II. Как и следовало ожидать, – ничего значительного в церковно-певческом отношении эта итальянская эпоха, ни следующая за ней немецкая, не дали. Проницательные русские композиторы, вроде Бортнянского, несмотря на полную подражательность их стиля, в душе стремились к старому 35, Николай I, поручая своих певчих Глинке, просил его не делать из них итальянцев. Но Глинка, поставивший русскую оперу и симфоническую музыку на правильный путь народной песни и пляски, не успел проникнуть в область церковного пения. Во главе придворной капеллы встали, сначала А. Ф. Львов, а потом Бахметев. Львов, талантливый музыкант, но выученик немцев-романтиков, так же как в свое время Бортнянский, тяготел к настоящему народному пению 36, но не мог ничего поделать против уже прочно укоренившегося четырехголосного пения в мажоре и миноре. Бахметев ничего не понимал в музыке и выпустил свой варварский «Обиход», который и по сейчас служит настольной книгой некоторых регентов. До чего надо было быть безчувственным к красотам древнего русского пения, чтобы допустить все эти шаблонные западные гармонии, да еще с удвоениями в басах, совершенно убивающих даже те остатки мелодии, которые сохранились в так называемом придворном или обычном распевах того времени! Когда в 1883 г. Балакирев заступил его в капелле, сразу повеяло свежим воздухом. Но и Балакирев мало интересовался вопросом об идеальном пении в церквах. Все примерились с осмогласием обычного распева в западной оправе.

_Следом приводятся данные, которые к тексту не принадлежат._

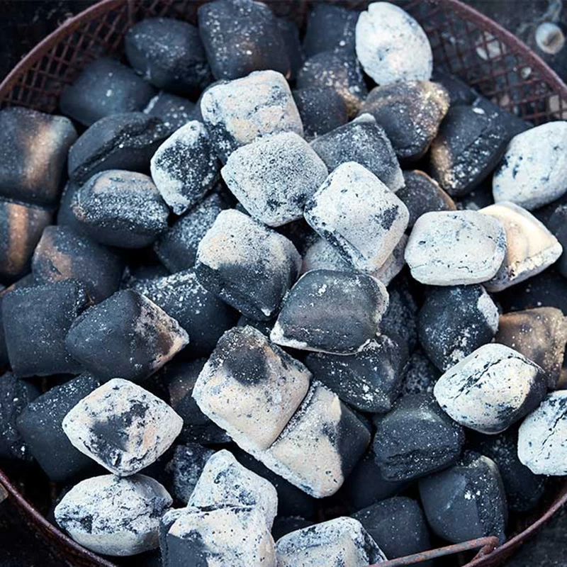 Normale Holzkohle bietet hier kaum einen Vergleich, denn die Brenndauer der Kokosnusskohle ist ca. 3x so lange, bei höheren Temperaturen.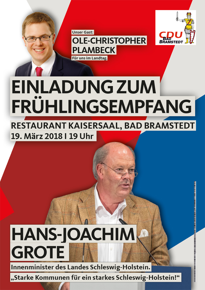 Bad Bramstedt – Der CDU Bad Bramstedt lädt am Montag, den 19. März 2018 um 19 Uhr alle Bürgerinnen und Bürger zum Frühlingsempfang in den Kaisersaal, Bleeck 26 in Bad Bramstedt ein.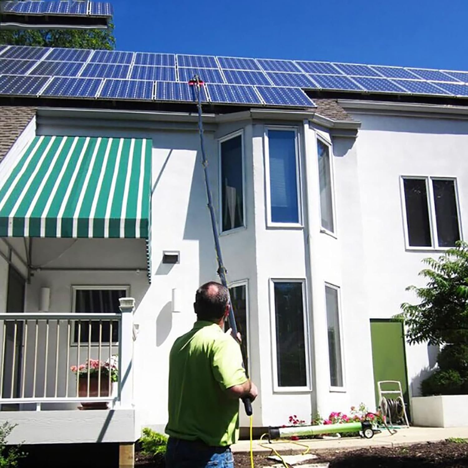 ★ Still clumsily climbing ladders to clear tall windows? Our Extendable telescopic water brushes are the right choice!Our water fed poles easy to use, just connect to any standard household water source, turn on the tap, the water-fed brush easily connects to the garden tap with standard hose fittings, the kit is ready to use as soon as it's out of the packaging. Water supply pole kits are 12ft~39ft, in length and can be used to clean and wash tall windows and solar panels. Get from the ground to your windows faster and safer than ever with this window cleaning brush.★ Product Parameters:Name: Telescopic Pole Washing BrushMaterial: Aluminum+Carbon FiberMaximum connection height: 12mWater supply hose: 20mBrush width: 55cmApplications: window cleaning, photovoltaic panel cleaning, bus / exterior cleaning, large vehicles, trucks, trucks, caravans, boats, etc.★Features:- Multifunctional water spray brush, high altitude cleaning.- Using high-density reinforced aluminum alloy, high hardness, not easy to rust, and light weight. It will not bend even if it is 12m long.- The steel buckle is fixed for easy installation and disassembly.- Anti-break joint design, can be used with a variety of cleaning tools to complete high-level cleaning operations.- Pure copper switch more durable.- Universal design, the brush head can rotate freely.★ Packing List:1 x Telescopic Extension Cleaning Pole 1 x Water brush1 x Water trap1 x 20m water pipe1 x Faucet connector1 x Universal joint★ Service:If you have any questions, please email us, we will reply to you within 24 hours and provide you with the best service.

III. Что же можно сказать об этом обычном распеве? Вот что говорит нам «Спутник Псаломщика: «Первый глас обычного распева имеет две строки. Первая строка, при повторе нии, поется неполная, без начального подъема, обе строки чередуются».

Вот эти то две строки и поются ныне вместо 93 попевок первого гласа знаменного распева! То, что было так прекрасно во время новгородских мастеров – мелодическая жизнь распева, пение, распевание дающия простор красивому голосу или голосам – совершенно исчезло и заменилось скучным речитативом 37. Еще ничего, если он поется на один или два хороших мужских голоса; но невыносимо слушать его, облеченного в четырехголосную, не русскую гармонию, неизменно колеблющуюся между тоникой и доминантой двух строев.

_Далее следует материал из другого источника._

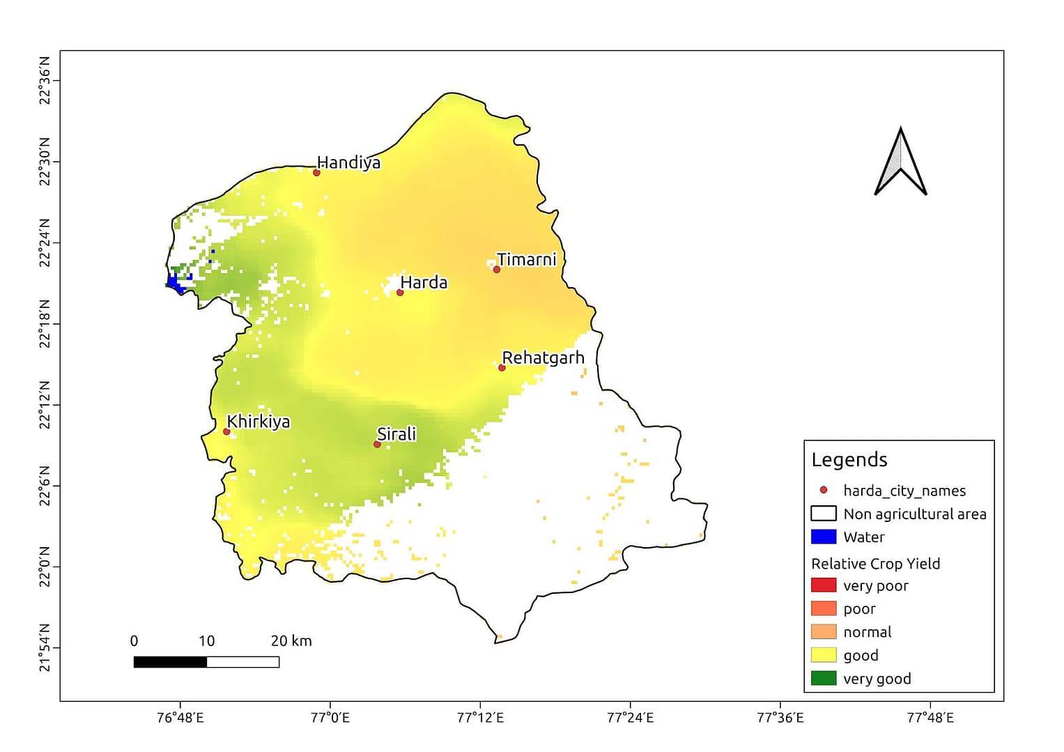 Here at Satyukt, by using multi-satellite data we estimate the relative crop yield. The above map shows the same estimation for Harda district of Madhya Pradesh. Relative yield is indicated as qualitatively for wheat in the rabi season. We can see that the relative crop yield of wheat is good in most of the places and very good in some places.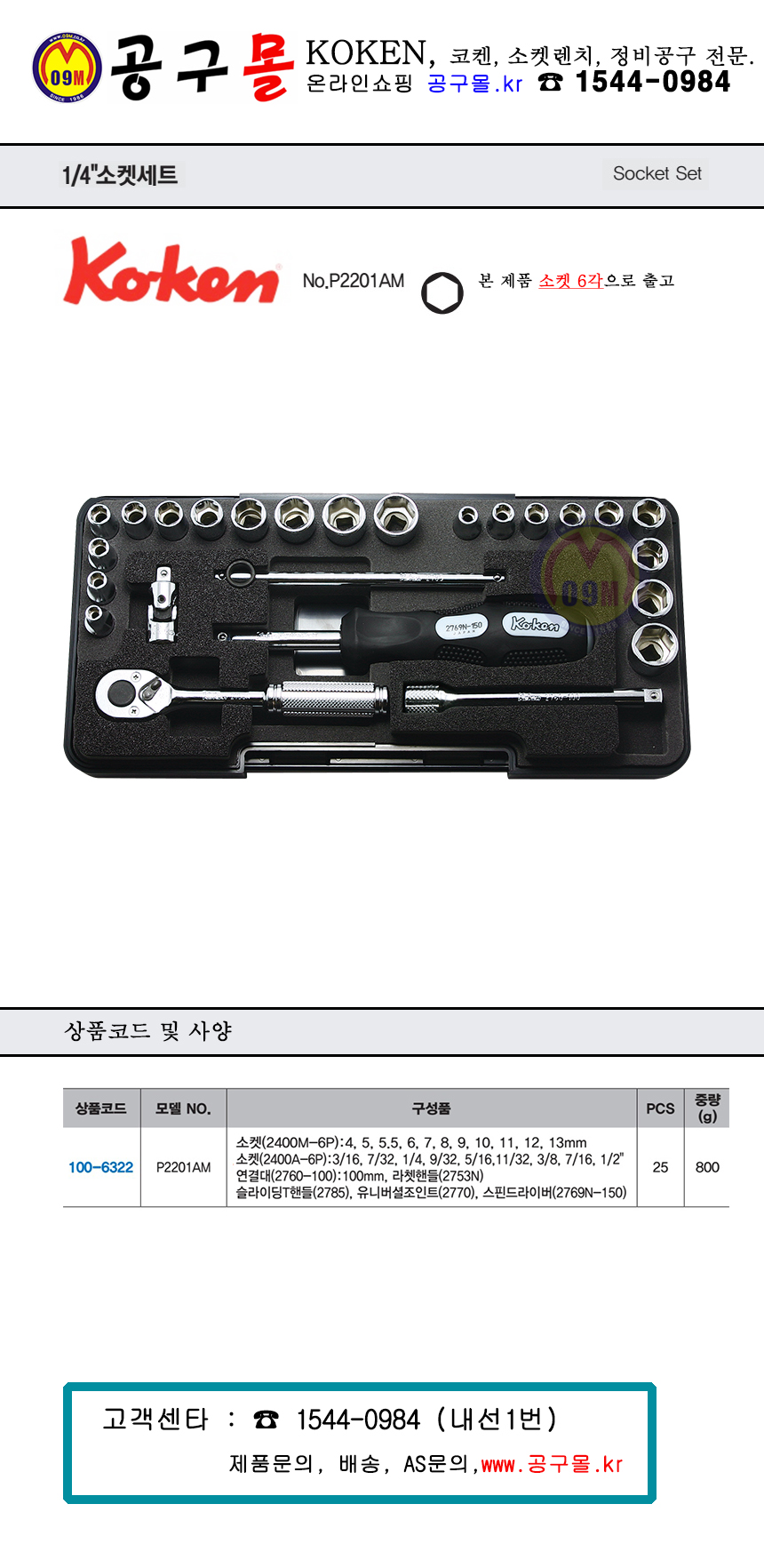 코켄 소켓세트(1/4-6각) P2201AM-6P (25PCS) 2400M, KOKEN, 복스세트, 소켓세트,100-6322

Это, конечно, поняли, как Балакирев, так и привлеченный им в капеллу, Римский-Корсаков. Последнему принадлежит почин, если не возвращения к знаменному пению, то, по крайней мере, гармонизациям речитативных мелодий в русском народном духе.

IV. Вот уже 300 лет в православных храмах хоры разбиваются на голоса. С самого прихода к власти Н. Дилецкого, при царе Алексие Михайловиче, гармонизации применяются повсеместно. А между тем мы точно не знаем, как велось классическое пение на Руси, на голоса или в унисон. Правда сохранились несколько строчных партитур XVI в. (т. е. трехголосное крюковое пение) 38, но добиться точного музыкального смысла в них не удалось 39 из-за отсутствия техники записи на голоса у писцов и теоретиков 16-го в. То, что так легко было изобразить на бумаге посредством круглых нот, линеек и тактовых подразделений, очевидно не укладывалось в крюки, единственную нотопись в то время известную русским. Гораздо важнее для нас известная практика певцов из народа. Русская народная песнь отнюдь не унисонна. Поется она на голоса согласно совсем особым, ей одной присущим, законам 40. Те же народные певцы, попав на клирос, безусловно переносили туда свои навыки, даже если церковный устав требовал от них унисонного исполнения. Поэтому возможно, что пение стихир происходило на народный лад, особенно в сельских церквах, вдали от центров церковного управления. Конечно, здесь идет речь только о некоторых приемах положения на гармонии 41. Они то и могут послужить как бы вехами для гармонизации древнего пения, если вообще согласиться с тем, что унисонное пение не может удовлетворить русский слух 42.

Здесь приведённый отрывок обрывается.